Bug 44111 - pata_via: crash with VT6415 controller
Summary: pata_via: crash with VT6415 controller
Status: ASSIGNED
Alias: None
Product: IO/Storage
Classification: Unclassified
Component: Serial ATA (show other bugs)
Hardware: All Linux
: P1 normal
Assignee: Jeff Garzik
URL:
Keywords:
Depends on:
Blocks:
 
Reported: 2012-07-01 19:22 UTC by Giuliano Procida
Modified: 2016-09-16 17:51 UTC (History)
6 users (show)

See Also:
Kernel Version: 3.0 and above
Subsystem:
Regression: No
Bisected commit-id:


Attachments
Patch to test (4.99 KB, patch)
2012-07-09 10:16 UTC, Alan
Details | Diff
Patch to test (5.29 KB, patch)
2012-07-09 10:20 UTC, Alan
Details | Diff

Description Giuliano Procida 2012-07-01 19:22:33 UTC
Original Debian bug report http://bugs.debian.org/679039 has some further information.

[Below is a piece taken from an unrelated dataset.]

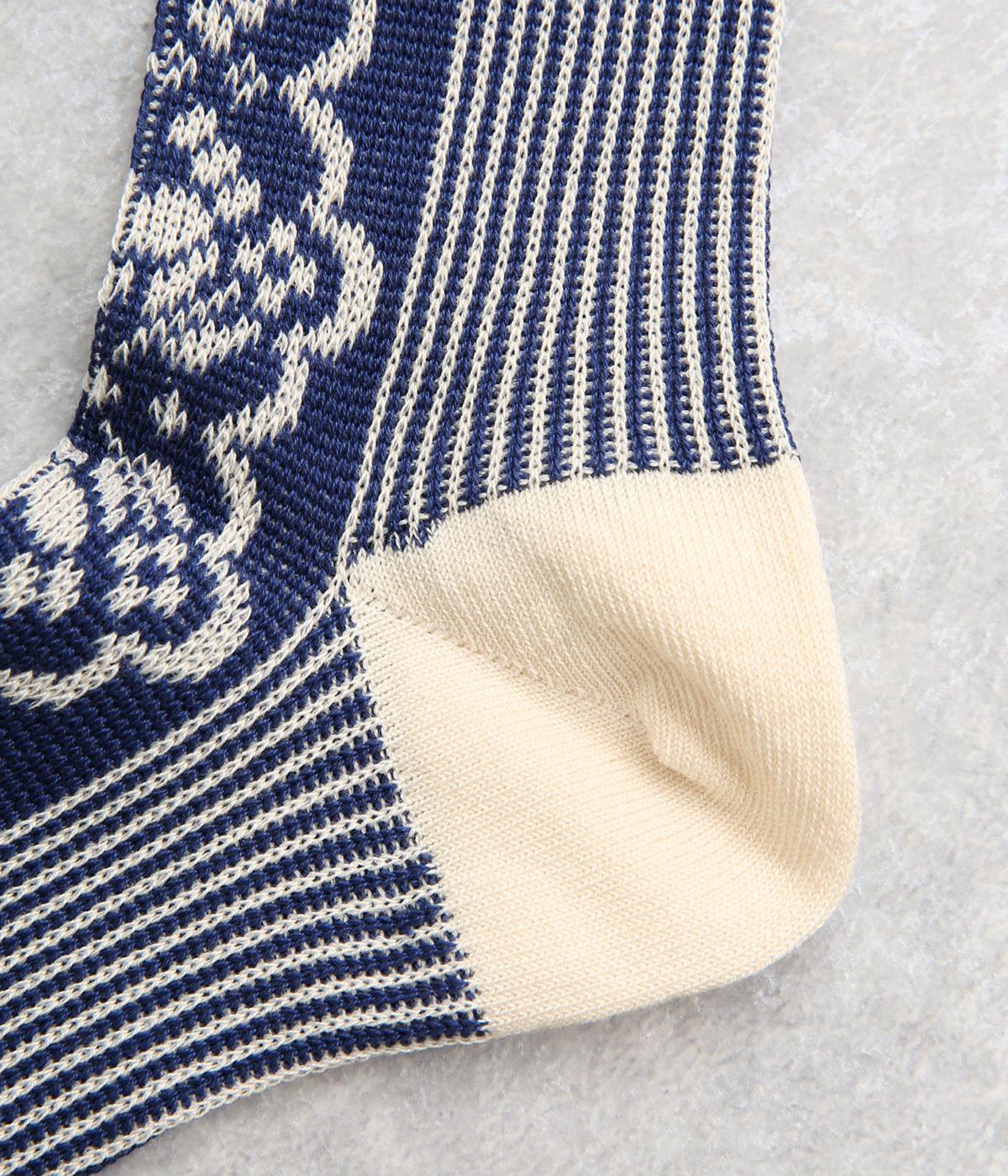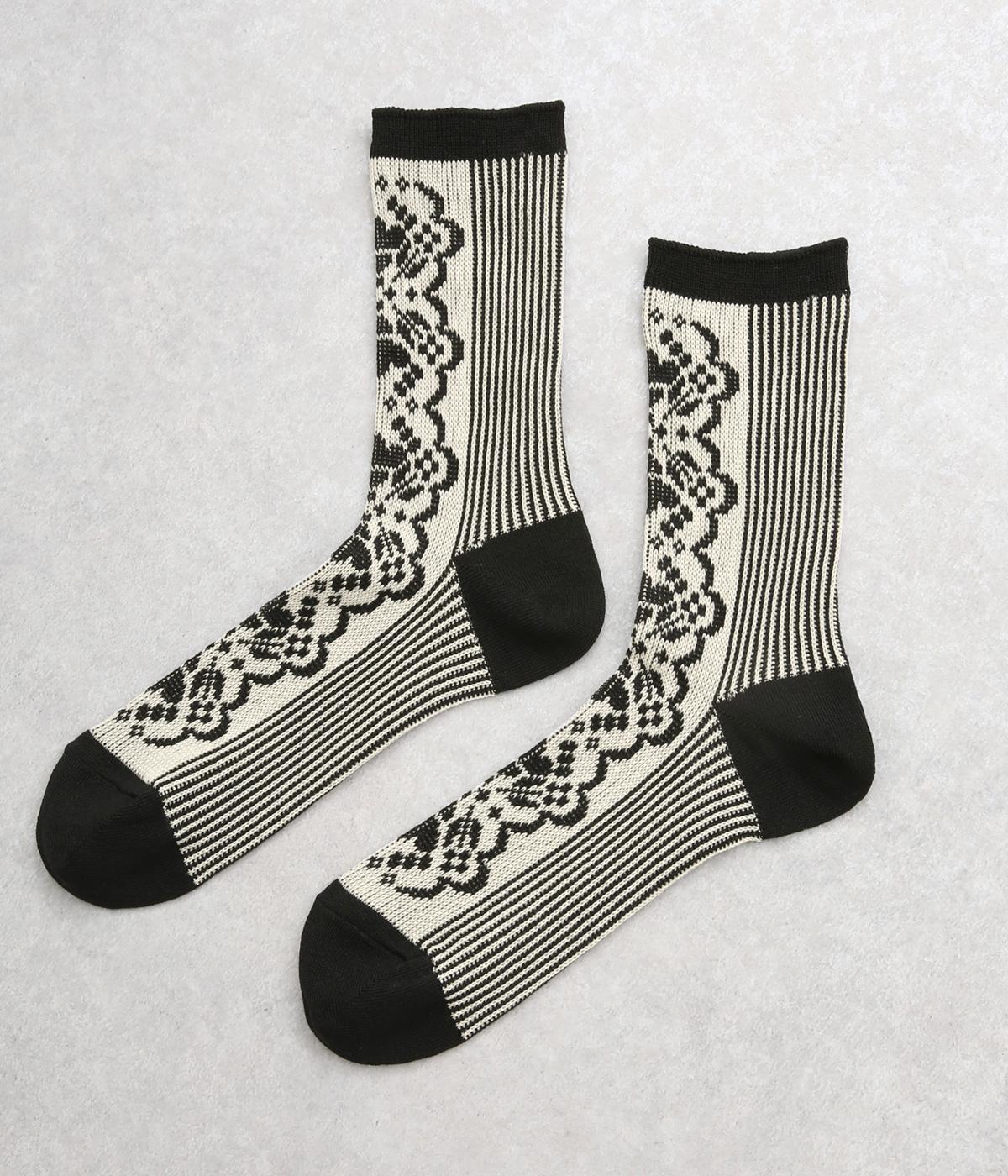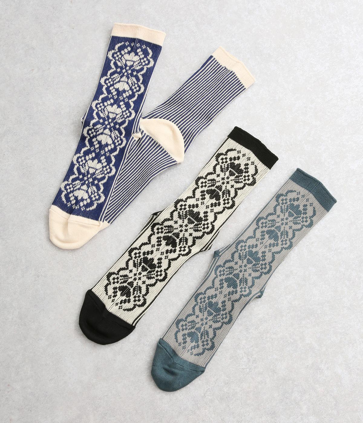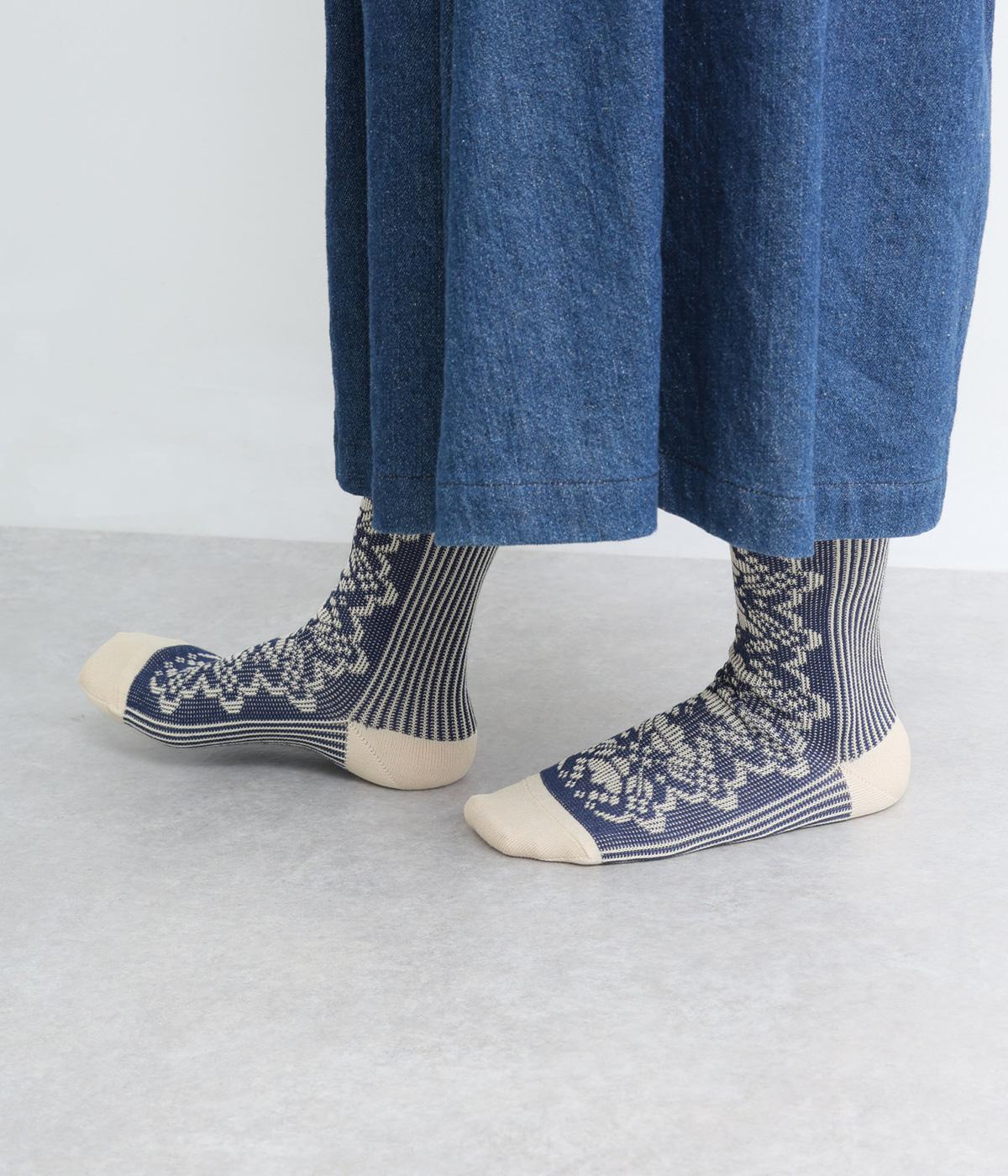 パーティの華やかな光景をイメージした、足元のワンポイントになるソックス。フロントは花柄、後ろはストライプと、前後で印象が変わってどこから見てもお洒落に。シックな配色なのでコーディネートに取り入れやすいのも魅力。

Hardware is an ASUS M4A88TD-M/USB3 EVO motherboard with an apparently rare on-board VIA VT6415 PATA controller. I have one device linked to this controller, a LITE-ON DVDRW SOHW-1693S. CPU is a quad-core Phenom II.

Shortly after the pata_via module loads, the system hangs completely (no SysReq, no keyboard LEDs) with probability ~ 0.9. The crash is prevented with libata dma=1. Disabling the VIA option ROM makes no difference. The BIOS is the latest available version.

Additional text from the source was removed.